What does this help / enable?

Nodes are known to GPA's, there is no way to hide them.
If GPA counting physical packets, over time period, bytes into a
relay must equal bytes out, otherwise they're being dropped
somewhere, which is inefficient... as opposed to temporarily
reducing fill to cover wheat demand.
There is up to %50 capacity loss with random sizes,
requiring up to 2x higher packet / interrupt rates to compensate
within the same pipe / cpu. And the code to do all the
carving, queuing and reassembly of every single packet, more
complex and costly than padding the last carrier packet
of some layer.

There is also to consider...
- physical / logical paths and pathing
- circuit, packet, label, or flow switching
- what layers the fill is in (above, at, or below wheat),
the layers managed at, and by who.

Big challenge is figuring how the network self
manages the fill system to dynamically make room
for wheat demand wherever it is needed in the network.
(That dynamic is also what makes the user apparent
application performance roughly the same as non fill
networks.
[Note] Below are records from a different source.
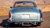The car is finished in light blue and features black rocker stripes as well as chrome bumpers, front grilles, and side mirrors.
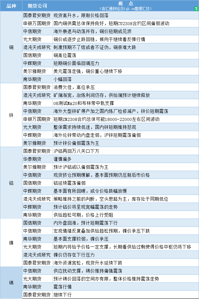 期货公司观点汇总一张图:6月30日有色系(铜、锌、铝、镍、锡等)
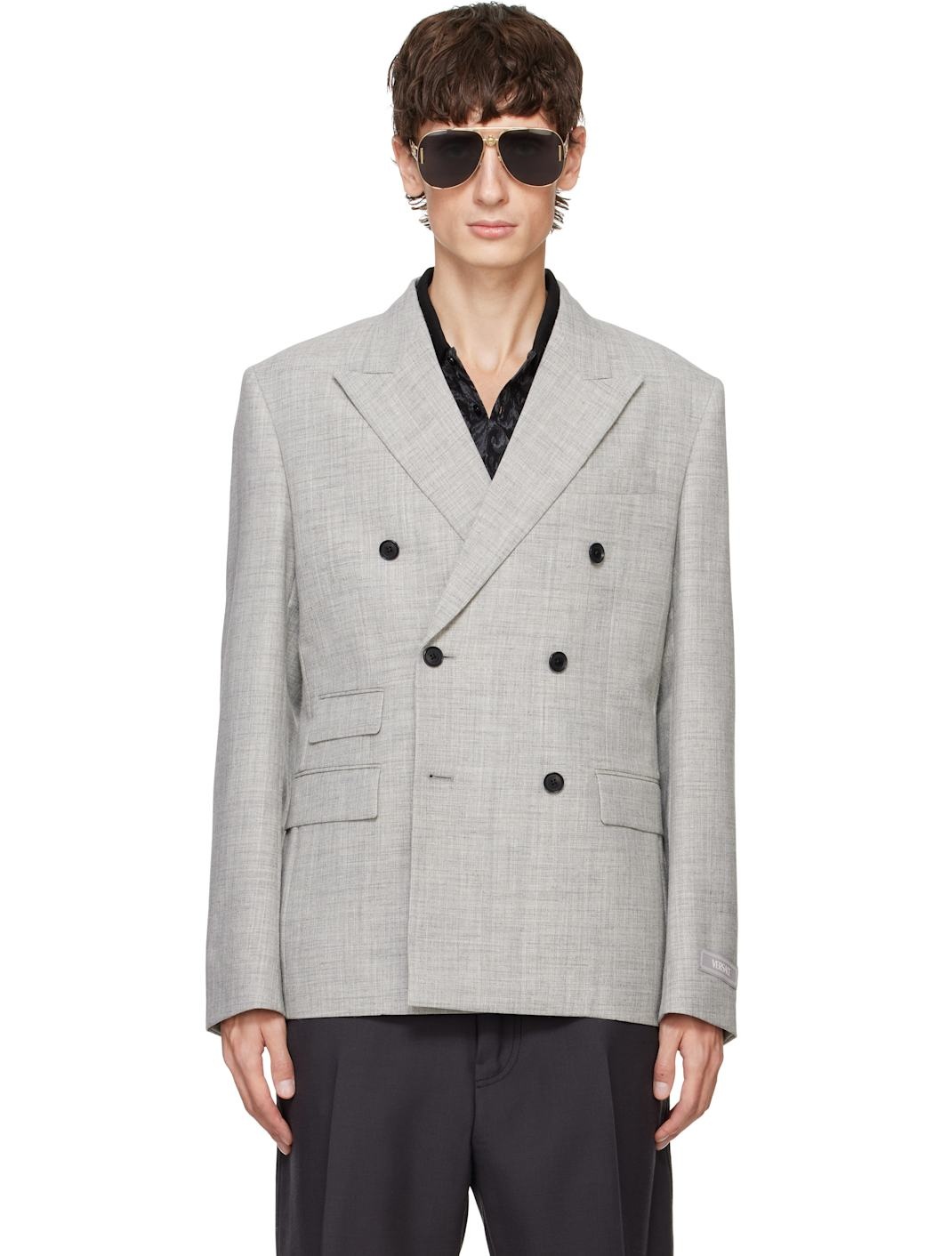 Virgin wool-blend hopsack blazer. · Peaked lapel · Double-breasted button closure · Welt pocket and flap pockets at front · Padded shoulders · Three-button surgeon's cuffs · Vent at back hem · Welt pockets at interior · Partial silk satin lining Supplier color: Gray Body: 49% virgin wool, 24% wool, 18% viscose, 9% goat hair. Lining 1: 100% silk. Lining 2: 100% cupro. Lining 3: 100% cotton. Made in Italy 242404M195000
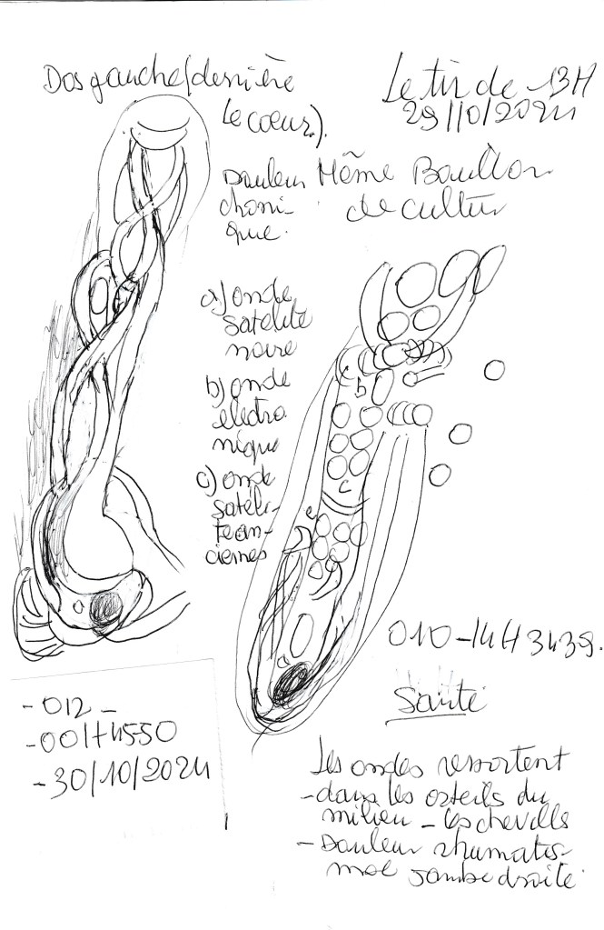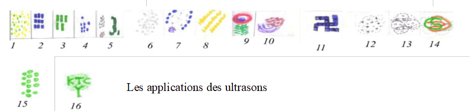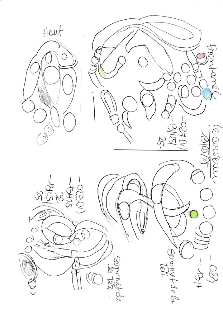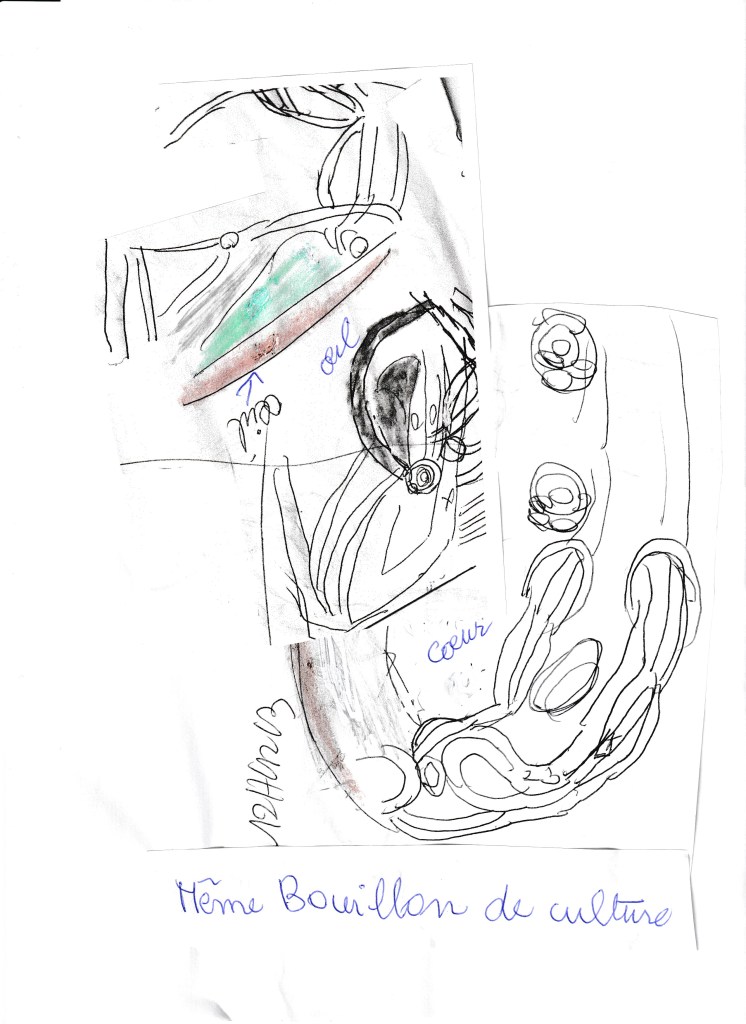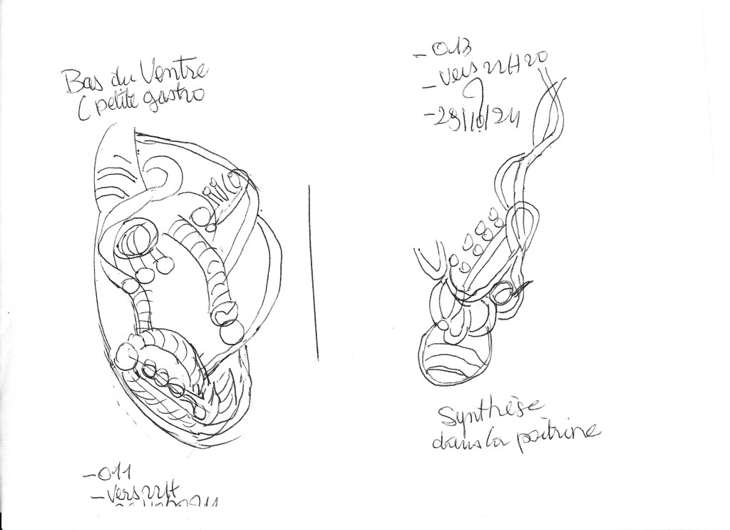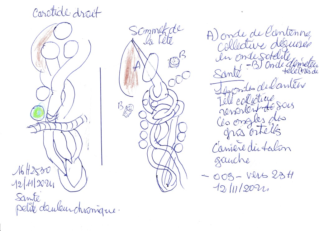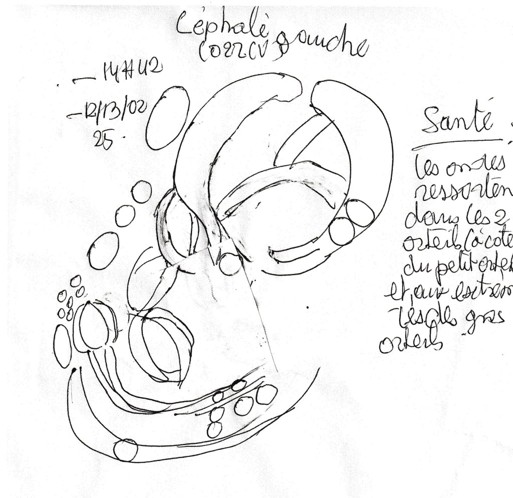 1)bruits électrique et ultrason les points vert et jaune se télescopent – 2)le bruit d’un cœur qui bat en faisant vrou vrou – 3) le bruit de l’enclume, le marteau sur ma tête – 4) battements d’un cœur qui grésille et mousseux. – 5 et 6) sifflement anesthésie l’oreille qui implose. – 11) les étoiles se déplacements comme des fusées, les sifflements font mal aux tympans. Ces ultrasons représente 1/4
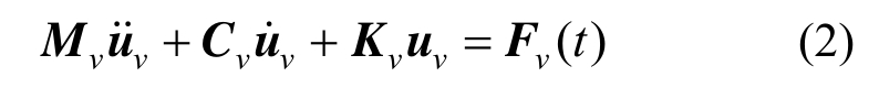 其中:Mv、Cv、Kv分别为质量矩阵、阻尼矩阵和刚度矩阵;uv是车辆节点位移,其中节点1、2、9、10、15、16的位移等于轮桥接触点处桥梁的振动位移与桥面粗糙度之和;

Of course their NIC (or their configured
anonymous network rate limit within that), is always
saturated, but that's transparent to the application
layer.)

If that's all solved fill traffic might be a good defense to
Global *Passive* Adversary, and even a fair one to a
Global *Traffic Flow Perturbing Active* Adversary.
(What evidence is there that Global Adversaries
that are not partnered with Global Telecoms are able
to, as opposed to simply listening, arbitrarily drop /
inject / delay packets on the global backbones?)

Designing something new, including fill, crypto, and anonymity...
probably far harder than putting tor's basic design together was.
On the other hand, there's now 15 more years of research,
experience and components on hand to throw at it.